Please restate each line of the material word for word and omit any pictures.

**RAW DATA:**
-- Opening Marker --
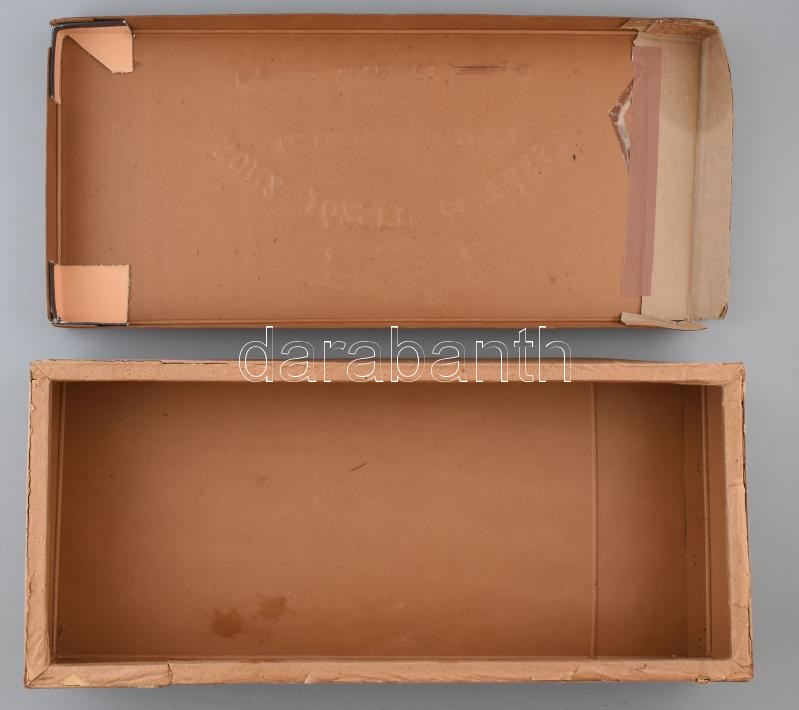 cca 1890-1910 Kuncz József és Társa cs. és kir. udvari szállítók vászon-, fehérnemű- és szőnyegraktárának karton doboza, sérült, a fedele amatőr módon javított, pótolt, a pótlás miatt a fedél nem teljes illeszkedik az
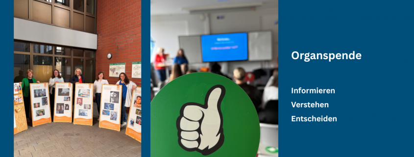Im Foyer ist aktuell eine Wanderausstellung aufgebaut. Sie zeigt persönliche Geschichten von Organspendern und -empfängern sowie den Ablauf einer Organspende – von der medizinischen Diagnose über die Entscheidung bis hin zur Transplantation. Ergänzt wird dies durch anschauliche Hintergrundinformationen. Die Ausstellung steht noch bis nach Ostern zur Verfügung. In der Präsentation wurden zentrale Inhalte wie der genaue Ablauf einer Organspende, die Zusammenarbeit innerhalb Europas sowie unterschiedliche Entscheidungsmodelle (Zustimmungs-, Entscheidungs- und Widerspruchslösung) verständlich erklärt. Auch aktuelle Zahlen und Entwicklungen wurden thematisiert.
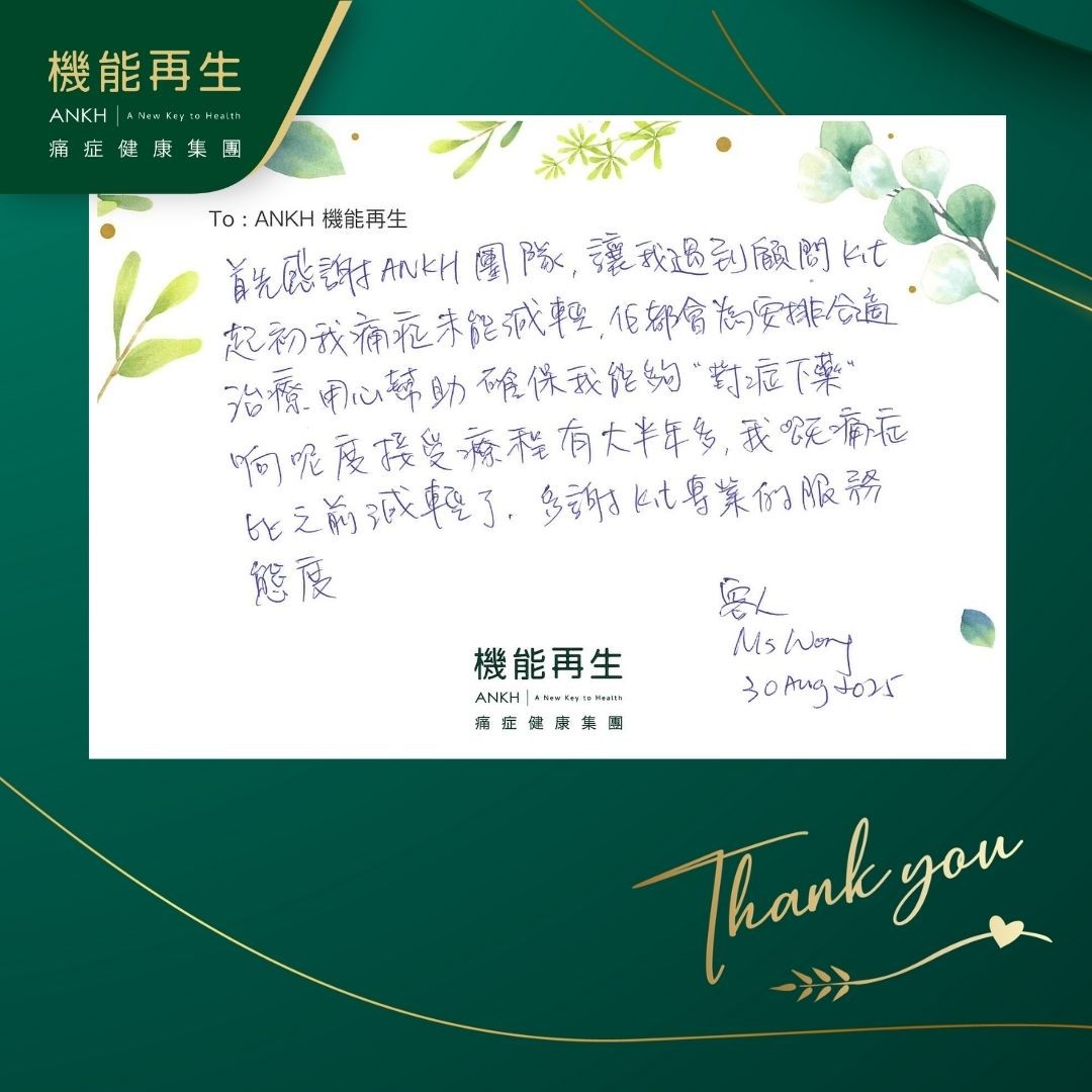 首先感謝ANKH團隊,讓我遇到健康顧問,起初我痛症未能減輕,佢都會為我安排合適理療,用心幫助確保我能夠「對症下藥」,喺呢度接受療程有大半年多,我嘅痛症比之前減輕了,多謝健康顧問專業的服務態度。
-- Closing Marker --
**REPLY TO THE EXERCISE:**
 cca 1890-1910 Kuncz József és Társa cs. és kir. udvari szállítók vászon-, fehérnemű- és szőnyegraktárának karton doboza, sérült, a fedele amatőr módon javított, pótolt, a pótlás miatt a fedél nem teljes illeszkedik az
Im Foyer ist aktuell eine Wanderausstellung aufgebaut. Sie zeigt persönliche Geschichten von Organspendern und -empfängern sowie den Ablauf einer Organspende – von der medizinischen Diagnose über die Entscheidung bis hin zur Transplantation. Ergänzt wird dies durch anschauliche Hintergrundinformationen. Die Ausstellung steht noch bis nach Ostern zur Verfügung. In der Präsentation wurden zentrale Inhalte wie der genaue Ablauf einer Organspende, die Zusammenarbeit innerhalb Europas sowie unterschiedliche Entscheidungsmodelle (Zustimmungs-, Entscheidungs- und Widerspruchslösung) verständlich erklärt. Auch aktuelle Zahlen und Entwicklungen wurden thematisiert.
 首先感謝ANKH團隊,讓我遇到健康顧問,起初我痛症未能減輕,佢都會為我安排合適理療,用心幫助確保我能夠「對症下藥」,喺呢度接受療程有大半年多,我嘅痛症比之前減輕了,多謝健康顧問專業的服務態度。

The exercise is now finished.